If you try to run the code without making any additional changes, you
will notice that the compilation time is very long (\>6 hours). This is
because the XLA compiler tries to build a single graph for all of the
scheduler steps at once similar to what we have discussed in the
previous example. To make the code run faster, we need to break the
graph up into smaller pieces with `torch_xla.sync()` and reuse them in the
next steps. This happens inside the `pipe.__call__`
[function](https://github.com/huggingface/diffusers/blob/2b1786735e27bc97f4d4699712292d5c463a7380/src/diffusers/pipelines/stable_diffusion_xl/pipeline_stable_diffusion_xl.py#L559)
in [these
lines](https://github.com/huggingface/diffusers/blob/2b1786735e27bc97f4d4699712292d5c463a7380/src/diffusers/pipelines/stable_diffusion_xl/pipeline_stable_diffusion_xl.py#L805-L839).
Disabling the progress bar, removing callbacks and adding
`torch_xla.sync()` at the end of the for loop speeds up the code
significantly. Changes are provided in this
[commit](https://github.com/huggingface/diffusers/compare/main...pytorch-tpu:diffusers:main).

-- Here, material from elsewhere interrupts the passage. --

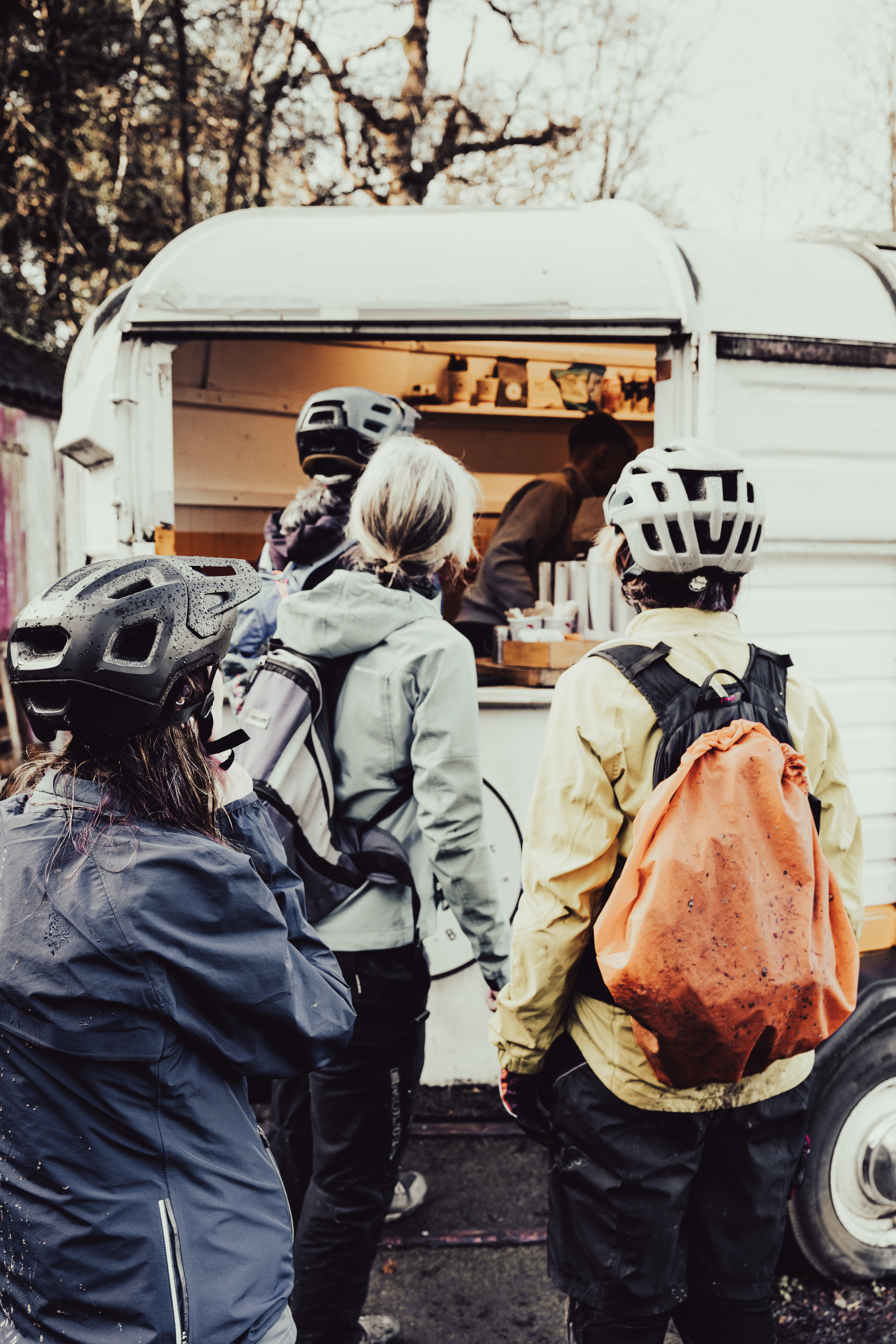 Another climb and a loop around takes us into Holmbury St Mary – an idyllic village with two pubs and home to Heartwork, our favourite coffee bar, which is based in a former farmyard and operates out of a horse box. You can enjoy your coffee inside the rustic barns or outdoors, with a choice of ancient upholstered armchairs, bar stools or just a straw bale to sit on. The coffee here is so good that road cyclists make it a destination. And we all know how fussy they are.

Additionally, the `self.scheduler.step()` function, which by default
uses the `DPMSolverMultistepScheduler` scheduler, has a few issues that
are described in the [PyTorch XLA
caveats](https://pytorch.org/xla/release/2.0/index.html#known-performance-caveats).
The `.nonzero()` and `.item()` calls in this function send requests to
the CPU for tensor evaluation, which trigger device-host communication.
This is not desirable, as it can slow down the code. In this particular
case, we can avoid these calls by passing the index to the function
directly. This prevents unnecessary device-host communitation. Changes are available
in
[this](https://github.com/pytorch-tpu/diffusers/commit/0243d2ef9c2c7bc06956bb1bcc92c23038f6519d)
commit. The code now is ready to be run on TPUs.

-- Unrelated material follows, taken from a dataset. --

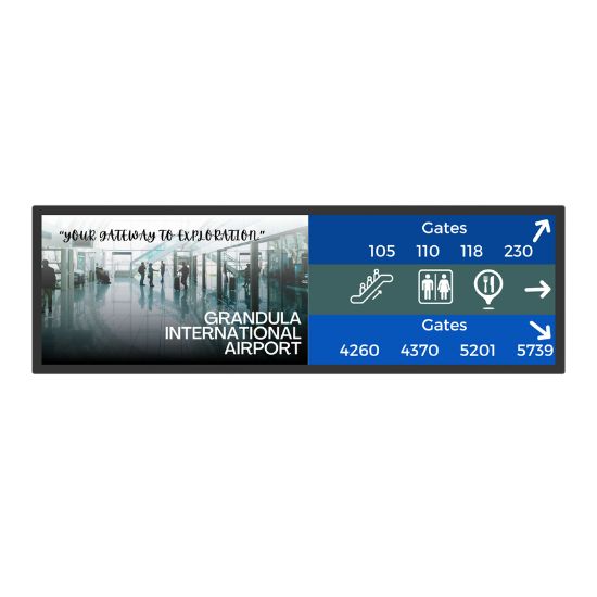 The Capella Stretched Display is a cutting-edge solution designed for dynamic visual presentations, featuring a generous 37-inch screen with an impressive resolution of 1920 x 540. With a brightness of 700 cd/m² and a contrast ratio of 1000:1, this display ensures vibrant and clear images, making it ideal for high-traffic environments such as retail spaces, transportation hubs, and corporate settings. Its ultra-wide 32:9 aspect ratio and active display area of 899.712 x 253.044 mm provide a panoramic viewing experience, perfect for showcasing advertisements, information, or multimedia content. The display supports 16.7 million colors and boasts a quick response time of 14ms, enhancing the overall visual experience.

## Running on Multiple TPU Devices

To use multiple TPU devices, use the `torch_xla.launch` function
to run the function on multiple devices and sync when necessary.
The `torch_xla.launch` function will start processes on multiple TPU
devices and sync them when needed. This can be done by passing the
`index` argument to the function that runs on a single device. For
example,

``` python
import torch_xla

def my_function(index):
  # function that runs on a single device

torch_xla.launch(my_function, args=(0,))
```

In this example, the `my_function` function will be run on 4 TPU
devices (for a v4-8 TPU slice). Each device is assigned an index from 0 to 3.
By default, `launch()` will run the function on all
TPU devices. If you want a single process, set `debug_single_process=True`:
`launch(..., debug_single_process=True)`.

[This
file](https://github.com/ssusie/diffusers/blob/main/examples/text_to_image/inference_tpu_multidevice.py)
illustrates how xmp.spawn can be used to run stable diffusion 2.1
version on multiple TPU devices. For this example, changes were made to the
[pipeline](https://github.com/huggingface/diffusers/blob/main/src/diffusers/pipelines/stable_diffusion/pipeline_stable_diffusion.py)
file.

## Running on Pods

Once you have the code for running on a single host device, there is no
further change needed. You can create the TPU pod, for example, by
following these
[instructions](https://cloud.google.com/tpu/docs/pytorch-pods#create-tpu-vm).
Then run your script with

``` bash
gcloud compute tpus tpu-vm ssh ${TPU_NAME} \
  --zone=${ZONE} \
  --worker=all \
  --command="python3 your_script.py"
```

## Reference implementations

The [AI-Hypercomputer/tpu-recipes](https://github.com/AI-Hypercomputer/tpu-recipes)
repo contains examples for training and serving many LLM and diffusion models.